In the above topology, the pool has 8 erasure sets of 16 drives each striped across 16 nodes. Each node would have one drive allocated per erasure set. While losing one node would technically result in the loss of 8 drives, each erasure set would only lose one drive each. This maintains quorum despite the node downtime.
- Each erasure set is independent of all others in the same pool.
If one erasure set becomes completely degraded, MinIO can still perform read/write operations on other erasure sets.
However, the lost data may still impact workloads which rely on the assumption of 100% data availability. Furthermore, each erasure set is fully independent of the other such that you cannot restore data to a completely degraded erasure set using other erasure sets. You must use Site or Bucket replication to create a BC/DR-ready remote deployment for restoring lost data.
- For multi-pool MinIO deployments, each pool requires at least one erasure set maintaining read/write quorum to continue performing operations.
If one pool loses all erasure sets, MinIO can no longer determine whether a given read/write operation would have routed to that pool. MinIO therefore stops all I/O to the deployment, even if other pools remain operational.
To restore access to the deployment, administrators must restore the pool to normal operations. This may require formatting disks, replacing hardware, or replacing nodes depending on the severity of the failure. See Recover after Hardware Failure for more complete documentation.
Use replicated remotes to restore the lost data to the deployment. All data stored on the healthy pools remain safe on disk.
Exclusive access to drives
MinIO requires exclusive access to the drives or volumes provided for object storage. No other processes, software, scripts, or persons should perform any actions directly on the drives or volumes provided to MinIO or the objects or files MinIO places on them.
Unless directed by MinIO Engineering, do not use scripts or tools to directly modify, delete, or move any of the data shards, parity shards, or metadata files on the provided drives, including from one drive or node to another. Such operations are very likely to result in widespread corruption and data loss beyond MinIO’s ability to heal.
Replicated MinIO Deployments
- MinIO implements site replication as the primary measure for ensuring Business Continuity and Disaster Recovery (BC/DR) in the case of both small and large scale data loss in a MinIO deployment.

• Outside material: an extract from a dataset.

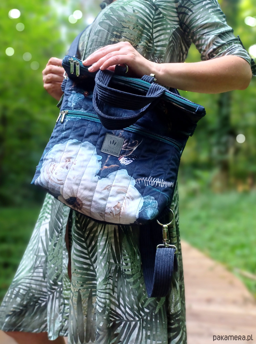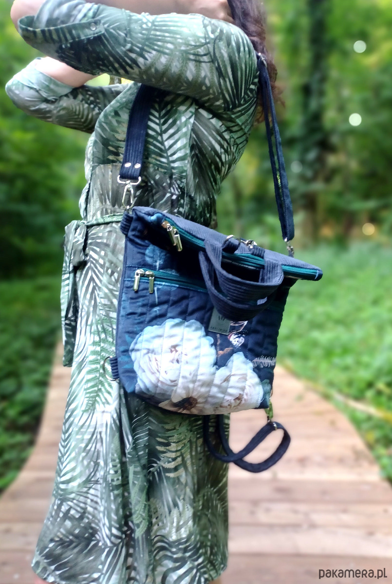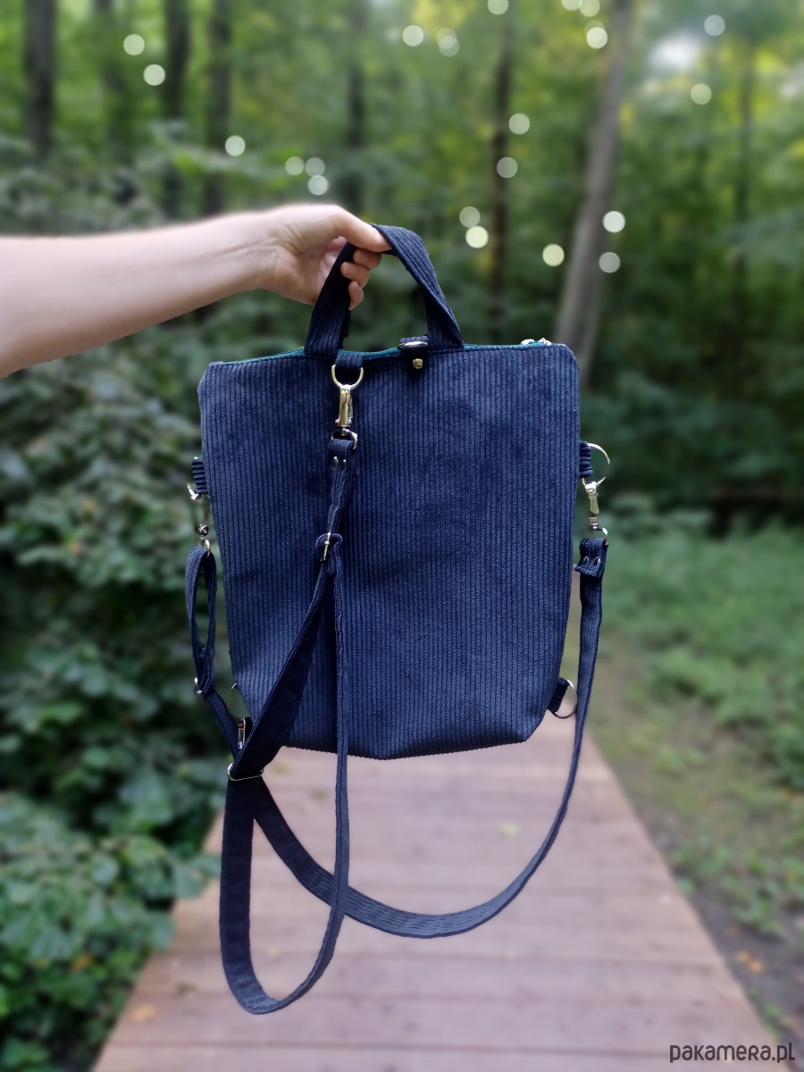 Torebko-plecak może służyć jako torebka albo jak plecak po przypięciu szelek do tyłu plecaka.

- MinIO replication can automatically heal a site that has partial or total data loss due to transient or sustained downtime.
-
Once all data synchronizes, you can restore normal connectivity to that site. Depending on the amount of replication lag, latency between sites and overall workload I/O, you may need to temporarily stop write operations to allow the sites to completely catch up.
If a peer site completely fails, you can remove that site from the configuration entirely. The load balancer configuration should also remove that site to avoid routing client requests to the offline site.

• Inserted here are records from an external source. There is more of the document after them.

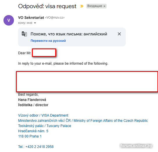 pan-Ziuzia, конечно накропали, мне чехи тож отвечали - толку от их ответа только ноль - "в данный момент визы предоставляются только таким категориям ....."
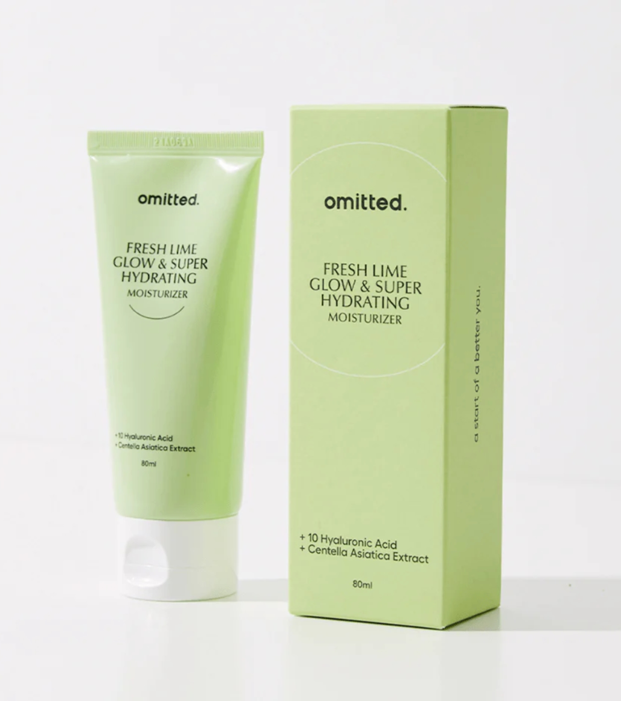 Fresh Lime Glow & Super Hydrating Moisturizer de Omitted est une crème hydratante pour le visage tout-en-un qui hydrate intensément, apaise et améliore visiblement la texture de la peau.
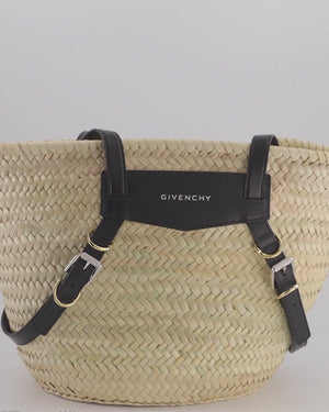 Givenchy Voyou Natural and Beige Straw Basket with Leather logo Bag
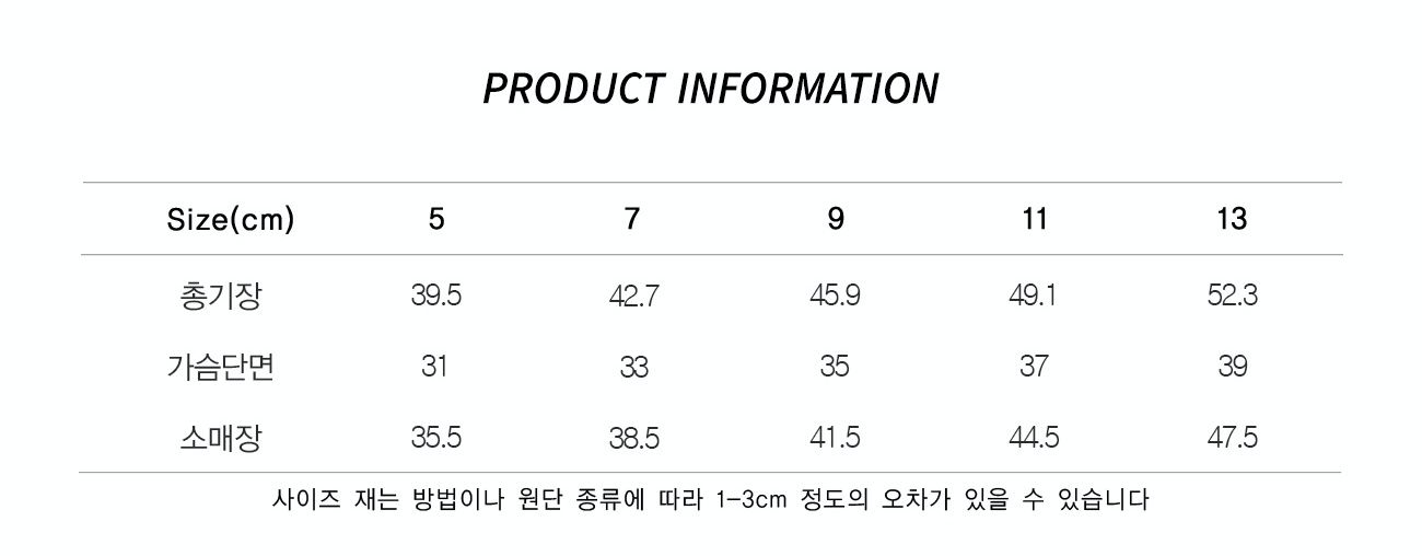 韓文由上而下為:衣長、胸寬、袖長。
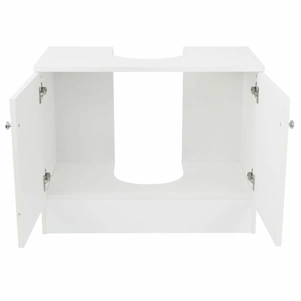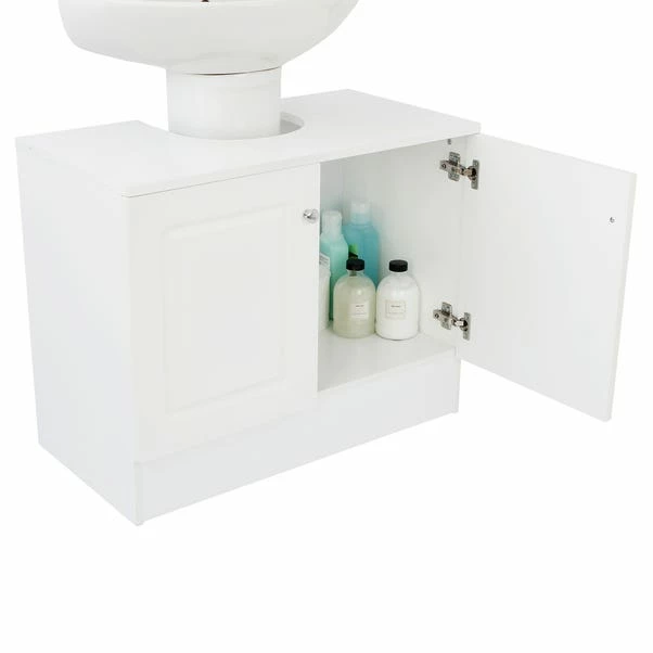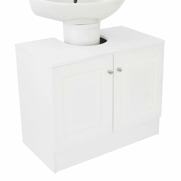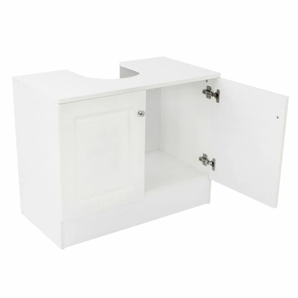 Simply designed with curved edges and a white finish, the Verona white under basin unit features soft closing hinged doors which are decorated with traditional detailing.

You can then restore the peer site, either after repairing the original hardware or replacing it entirely, by adding it back to the site replication configuration. MinIO automatically begins resynchronizing existing data while continuously replicating new data.
- Sites can continue processing operations during resynchronization by proxying
GET/HEAD
requests to healthy peer sites -
The client receives the results from first peer site to return any version of the requested object.
PUT
andDELETE
operations synchronize using the regular replication process.LIST
operations do not proxy and require clients to issue them exclusively against healthy peers.